The proliferation of unstructured data poses a fundamental challenge to traditional database interfaces. While Text-to-SQL has democratized access to structured data, it remains incapable of interpreting semantic or multi-modal queries. Concurrently, vector search has emerged as the de facto standard for querying unstructured data, but its integration with SQL-termed VectorSQL-still relies on manual query crafting and lacks standardized evaluation methodologies, creating a significant gap between its potential and practical application. To bridge this fundamental gap, we introduce and formalize Text2VectorSQL, a novel task to establish a unified natural language interface for seamlessly querying both structured and unstructured data. To catalyze research in this new domain, we present a comprehensive foundational ecosystem, including: (1) A scalable and robust pipeline for synthesizing high-quality Text-to-VectorSQL training data. (2) VectorSQLBench, the first large-scale, multi-faceted benchmark for this task, encompassing 12 distinct combinations across three database backends (SQLite, PostgreSQL, ClickHouse) and four data sources (BIRD, Spider, arXiv, Wikipedia). (3) Several novel evaluation metrics designed for more nuanced performance analysis. Extensive experiments not only confirm strong baseline performance with our trained models, but also reveal the recall degradation challenge: the integration of SQL filters with vector search can lead to more pronounced result omissions than in conventional filtered vector search.
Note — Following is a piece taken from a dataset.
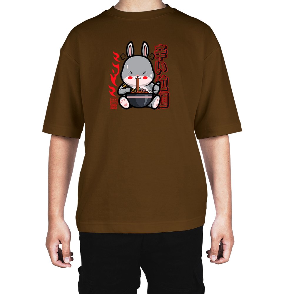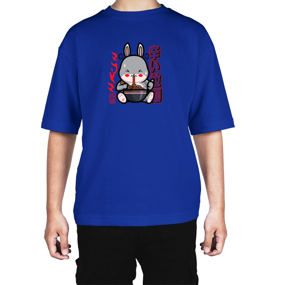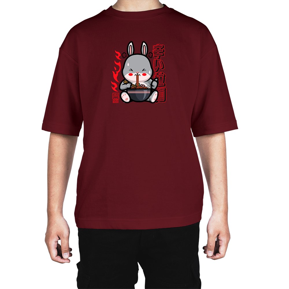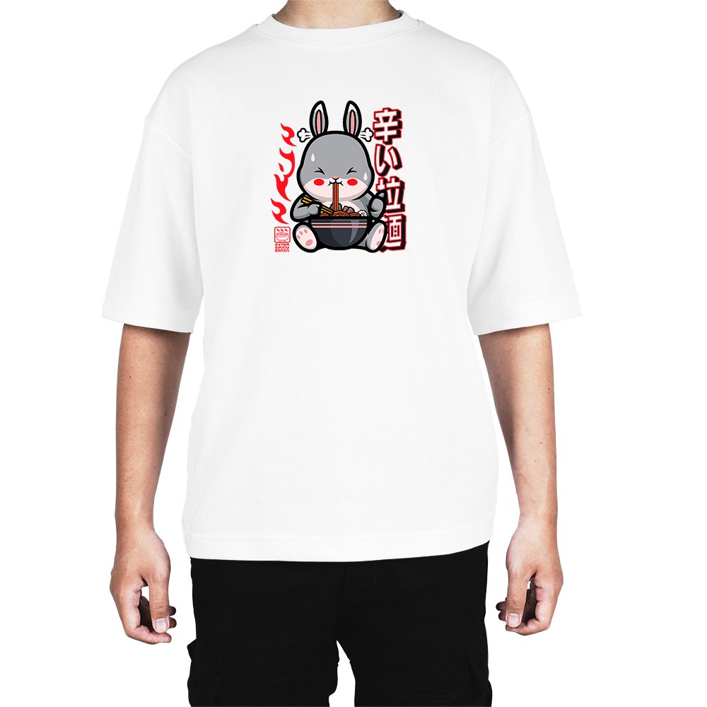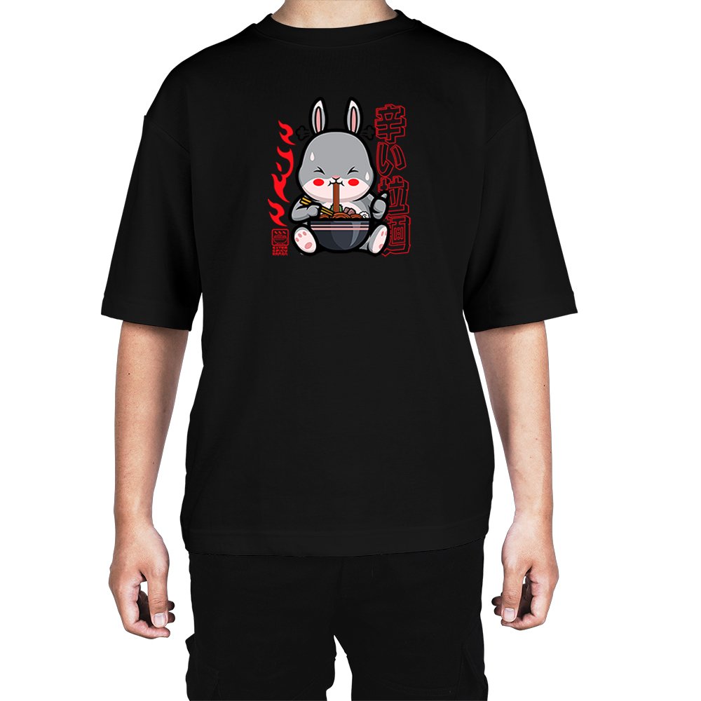 Caseria Men's Cotton Biowash Oversized T-shirt - Bunny Ramen

By defining the core task, delivering the essential data and evaluation infrastructure, and identifying key research challenges, our work lays the essential groundwork to build the next generation of unified and intelligent data interfaces. Our repository is available at https://github.com/OpenDCAI/Text2VectorSQL.

Paper Structure

This paper contains 30 sections, 2 equations, 5 figures, 5 tables.

Figures (5)

  • Figure 1: Illustration of the Text2VectorSQL task, with scenarios below showing how integrating SQL queries with vector search unlocks semantic filtering, multi-modal matching and retrieval acceleration. These capabilities are indispensable for universal natural language interfaces.
  • Figure 2: The Text2VectorSQL Ecosystem. The core component is VectorSQLGen pipeline, a large-scale, automated data synthesis engine that produces high-quality training samples. Then, the synthesized data is used to train our family of UniVectorSQL models. Concurrently, a curated subset of data undergoes a more rigorous, human-review process to create VectorSQLBench, our gold-standard evaluation benchmark with a suite of novel and fine-grained metrics.
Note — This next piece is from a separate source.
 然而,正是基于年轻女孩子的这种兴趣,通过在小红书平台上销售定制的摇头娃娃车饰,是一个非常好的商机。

  • Figure 3: Diverse syntax of vector operations in SQLite (via sqlite-vec), PostgreSQL (via pgvector) and ClickHouse. SQLite-vec generates distance column implicitly using virtual table mechanism and vec0 engine. PostgreSQL and ClickHouse support building indexes for approximate nearest neighbor (ANN) search, while SQLite-vec does not so far.
  • Figure 4: Diversity of the VectorSQLBench. The hierarchical structure breaks down the dataset across three dimensions: (1) nine distinct linguistic styles (inner ring), ensuring robustness to varied user phrasing; (2) three levels of vectorial complexity (middle ring), detailing how vector search is integrated with SQL (Non, WHERE, JOIN); and (3) four levels of structural SQL difficulty (outer ring), ranging from Easy to Extra Hard. This multi-faceted design benefits comprehensive coverage of the challenges in Text2VectorSQL.
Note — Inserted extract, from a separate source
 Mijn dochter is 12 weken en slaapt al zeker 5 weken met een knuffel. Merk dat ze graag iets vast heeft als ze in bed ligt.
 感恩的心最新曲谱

  • Figure 5: Recall degradation phenomenon across different models on PostgreSQL and ClickHouse. The charts show Avg. Precision, Avg. Recall, and Avg. F1 of four datasets in VectorSQLBench, categorized by hybrid integration depth. A severe drop in Avg. Recall (orange bar) is observed as the integration complexity increases from Non-integration to WHERE-Integration and is most pronounced in JOIN-Integration queries, highlighting a critical challenge in Text2VectorSQL execution.